(RECORDS SHOWN)

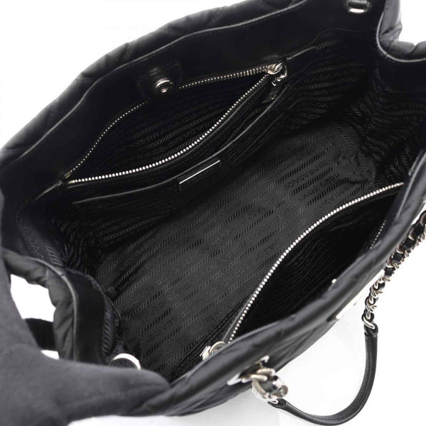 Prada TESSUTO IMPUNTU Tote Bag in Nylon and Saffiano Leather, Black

(End RECORDS SHOWN)
(RECORDS SHOWN)

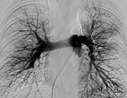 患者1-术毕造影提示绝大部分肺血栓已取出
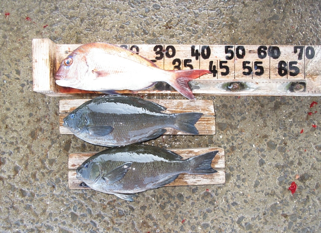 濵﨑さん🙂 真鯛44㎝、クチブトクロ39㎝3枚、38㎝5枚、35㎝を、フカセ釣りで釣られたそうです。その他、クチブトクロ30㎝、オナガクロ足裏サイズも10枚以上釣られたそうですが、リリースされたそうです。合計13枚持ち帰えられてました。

(End RECORDS SHOWN)

Transcribe, from the material above, the stretch starting at the line with "患者1-术毕造影提示绝大部分肺血栓已取出" and ending at the line with "濵﨑さん🙂 真鯛44㎝、クチ", both included, exactly. Do not carry over pictures.

▶ **OUTPUT FOR THIS TASK**
 患者1-术毕造影提示绝大部分肺血栓已取出
 濵﨑さん🙂 真鯛44㎝、クチブトクロ39㎝3枚、38㎝5枚、35㎝を、フカセ釣りで釣られたそうです。その他、クチブトクロ30㎝、オナガクロ足裏サイズも10枚以上釣られたそうですが、リリースされたそうです。合計13枚持ち帰えられてました。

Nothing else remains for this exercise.